Но я бы написала бы Вам неполную правду, если бы не упомянула бы ещё об одной черте К.И., которая Вам, наверное, неизвестна. Он мало способен к дружбе… <…> К.И. в этом смысле человек совершенно особенный. Недавно я прочла в одной иностранной газете, что К.И. был другом покойного Пастернака. И задумалась… Другом? Нет. Он чтил Б.Л. Он желал, жаждал ему добра. Он слушал его стихи и речи с восторгом и благоговением. Он никогда от него не отрекался. Он был ему добрым соседом: выручал деньгами, книгами, машиной. Когда Б.Л. заболел (не в последний раз, а года за 2), К.И. хлопотал о хорошей больнице для него и пр. Всё было хорошо. Но эти отношения я не назову дружбой.
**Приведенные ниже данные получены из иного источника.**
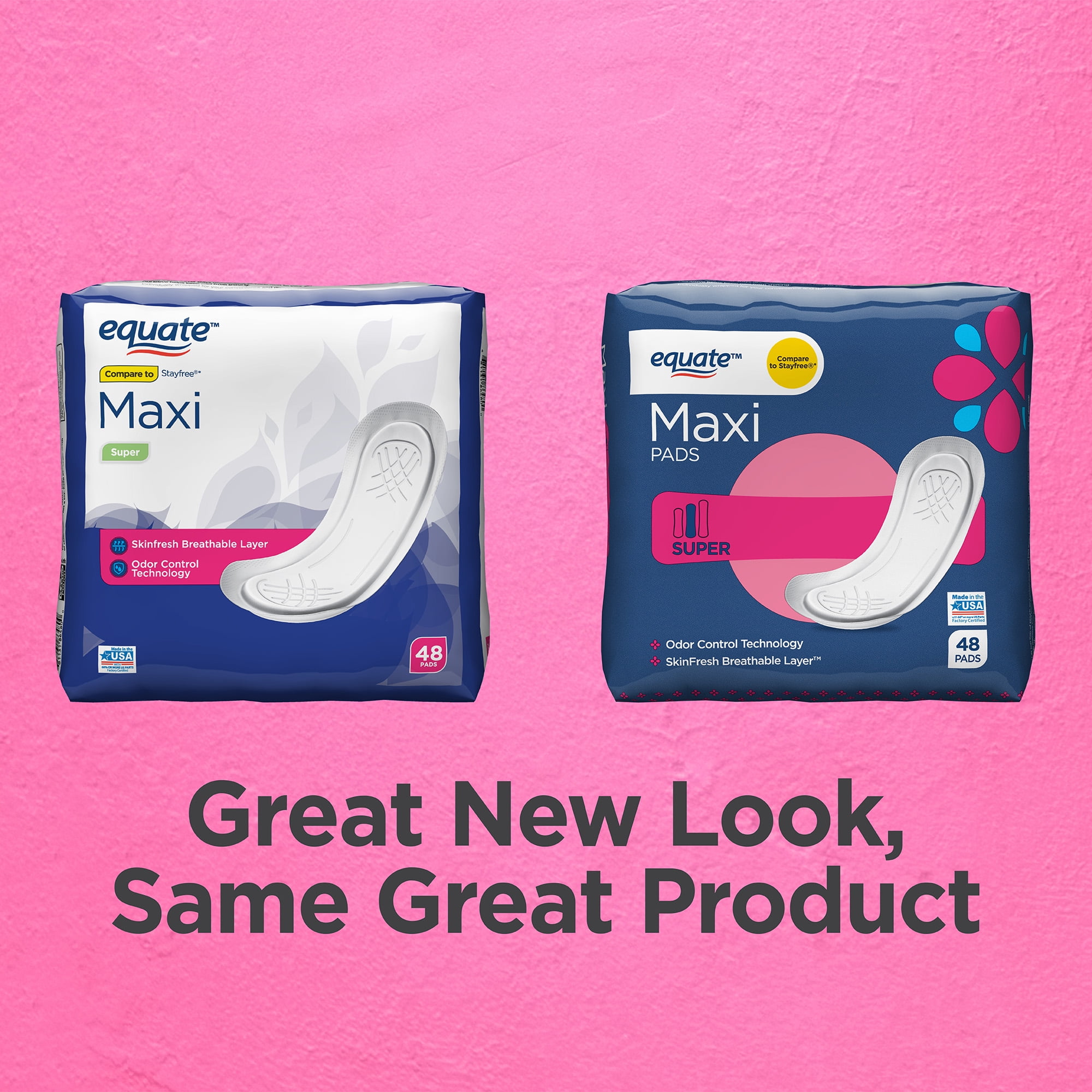Equate Maxi Pads with Flexi-Wings, Extra Heavy Overnight stops leaks up to 10 hours with the help of three layers of protection. These maxi pads have a skin fresh breathable layer that allows you to stay fresh and dry providing you with all day comfort. The absorbent core allows you 10 hours of worry free protection and has a cotton enhanced layer that wicks away moisture for healthy skin. Perfect for your postpartum needs. They come individually wrapped for convenient and discreet access in your purse, gym bag, or cosmetic bag. Equate maxi pads have many qualities that help you have a comfortable and healthy period. The simple choice for periods is Equate Maxi Pads with Flexi-Wings, Extra Heavy Overnight. Making the right health decisions can be challenging. Equate allows you to take care of your family with confidence.

Потому что дружба подразумевает потребность в душевном обмене, а именно ее-то у К.И. нет. <…>

К.И. от природы непосредственно добры. От природы любит детей (ибо дети – художники) и всякое проявление таланта. Умеет восхищаться талантом как никто.

Но не умеет – дружить. Этого дара ему не дал Бог. Это ведь тоже особый дар» (стр. 251, 252).

Решающим событием в жизни собеседников становится «оттепель»: возникает возможность жить и писать честно – с трудом, «вопреки всему», но тем не менее писать то, что должно, говорить о том, что считаешь правдой – и теперь «компромиссом» эпохи становится не «солгать», а выбрать «не всю правду» взамен всей. Этот опыт – борьбы за освобождение Бродского, помощи Солженицыну, возвращения имён, заграничных изданий – этот опыт становится решающим для Лидии Корнеевны, а отчасти и для Алексея Ивановича. После этого невозможно вернуться назад, начать вновь жить так, как если бы «этого не было»: бойцовский дух и чувство правды, присущие Чуковской, с этого момента направлены не на мелочи редакционного быта, не на «внутрилитературную борьбу», сохраняющую привкус «комсомольского идеализма» 20-х годов – они становятся осознанным этическим действием. Меняется система координат, в которых отныне действуют герои книги – для них вновь возникает мир, возвращается мир абсолютных ценностей, в котором они не одиноки; этический выбор может казаться упрямством, восприниматься как непрактичный, но осмысленность действий возвращается, действие, поступок вновь обретают свой смысл. Своим интеллектуальным и нравственным характером собеседники оказываются близки к русской интеллигенции 1860-х гг. и осознают это родство:

«…И для меня гражданственность искусства стала значить больше, чем значила когда-то. Мы вот с юности не любим передвижников, снисходительно посмеиваемся над ними, над заданностью, тенденциозностью их полотен. А несколько лет назад я смотрел выставку молодых ленинградских художников, там было выставлено немало симпатичного, очень свободного, очень левого. А всё-таки дольше всего я стоял у карандашных рисунков неизвестного мне художника, у рисунков, которые назывались: “Репрессированный”, “В колхозе” и т.п.» (16.IX.66, стр. 246 – 247).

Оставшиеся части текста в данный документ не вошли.